Auteur Jean-Pierre Bours
Editeur Hc Editions
Date de parution 30/10/2014
Collection Litterature
ISBN 2357201991
EAN 978-2357201996

Quatrième de couverture:

Dans une Allemagne entre Moyen Âge et Renaissance, dans un monde que se disputent la peste et la lèpre, la famine et la guerre, une mère et sa fille doivent braver leur destin pour tenter de se retrouver.
1500, au cœur de la forêt saxonne, une femme abandonne son enfant avant d’être arrêtée pour sorcellerie. Quinze ans plus tard, alors que les premiers feux de la Renaissance et de la Réforme commencent à briller sur Wittenberg, la jeune Gretchen ne sait pas encore que la quête de son identité l’amènera à croiser ceux qui sont en train d’écrire l’histoire, qu’il s’agisse de Luther, de Cranach ou du très mystérieux docteur Faust…

L’avis des sorcières:

Nous avons reçu ce livre dans le cadre des téléchargement (10) de Babelio et nous les remercions ainsi que Hc éditions

 

Tout commence lorsqu’Eva Mathis très belle jeune femme doit abandonner son bébé dans une église car elle est poursuivit. Elle sauve son enfant mais se fait arrêter pour sorcellerie.

Quinze ans après Margaret, une jeune fille d’un petit village allemand, vie heureuse dans une famille aisée. Entourée de son père, sa mère et son frère et sa sœur, elle s’initie à l’art d’être sage-femme, apprend à lire, découvre des artistes grâce à son amie Freia.  Mais en ces temps troublés, l’arrivée de la peste va détruire le calme du village.

Margaret perdra ses parents et par la même son insouciance brisé par une révélation faite par son frère.  Elle sera aussi troublée par le mystérieux docteur Faust.

Ici c’est Méphistophélès qui raconte l’histoire à Dieu.  Il est très présent tout au long de l’histoire, tapis dans l’ombre des plus grands.

L’écriture n’est pas linéaire. On alterne un chapitre sur Eva en 1500 et un chapitre sur Margaret environ quinze ans plus tard. Cela ne me gêne pas mais certains lecteurs peuvent être agacés par ce procédé.  Les chapitres sont de longueurs inégales et j’avoue que dans la seconde partie j’en ai trouvé certain trop long.

La deuxième partie, parlons en justement. L’arrivée des protagonistes dans la grande ville de Wittenberg amorce un grand changement pour eux d’autant que la ville est en plein essor notamment grâce à la présence de Martin Luther et Lucas Cranach. Etrangement cette partie m’a paru très longue alors que cette nouvelle vie apporte un tourbillon de changement. Nouveau logement, nouveaux métiers, nouvelles connaissances.  Mais il y a de long passage historique, qui bien qu’intéressant d’une certaine manière font trainer en longueur l’histoire. Dommage car après une centaine de pages l’histoire repart.

J’ai aimé croiser des personnages historiques tout en étant horrifier par certaines scènes un peu dur (à l’époque les accouchements n’était jamais facile et la question surement pas une partie de plaisir).

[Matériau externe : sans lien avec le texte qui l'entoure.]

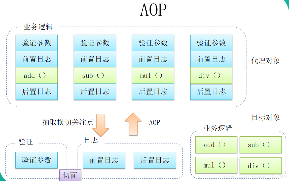AOP(Aspect-Oriented Programming, 面向切面编程): 是一种新的方法论, 是对传统 OOP(Object-Oriented Programming, 面向对象编程) 的补充。
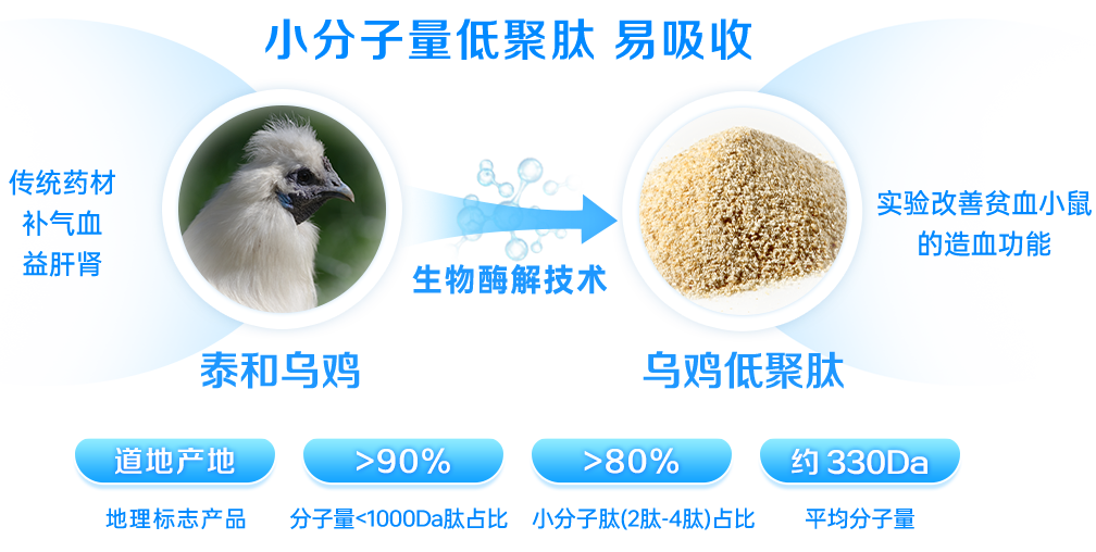 完美精选来自地理标志性产品的“泰和乌鸡”,应用酶解技术制得小分子量乌鸡低聚肽,其中2肽-4肽占比80%+。

Le renvoie régulier en bas de page m’ont appris des choses et donné envie de voir certains tableaux cité. L’auteur s’est documenté et cela se sent.

Ici pas de sorcières aux pouvoirs magiques extravagants mais celles qui collent plus à la réalité : des femmes de savoirs qui dérangeaient et qu’on a essayé d’évincer, par peur ou jalousie en les faisant passer à la question.

L’histoire en elle-même m’a plu. J’ai suivie avec plaisir la vie de Margaret et j’ai souffert avec Eva dans sa cellule. Certains personnages m’ont parue de trop comme Ulrika la sœur de Margaret mais elle permet de montrer à quel point le clergé était corrompu.

Maintenant j’ai très envie de découvrir Faust de Goethe 🙂

Tu vois, expliquait Freia, personne n’est un lys ou une ciguë. Nul n’est totalement bon ou uniformément bon ou uniformément mauvais. En chacun de nous – même toi ! – s’affrontent les forces bénéfiques et maléfiques ; il appartient à chacun d’entre nous de faire taire les secondes et d’épanouir les premières.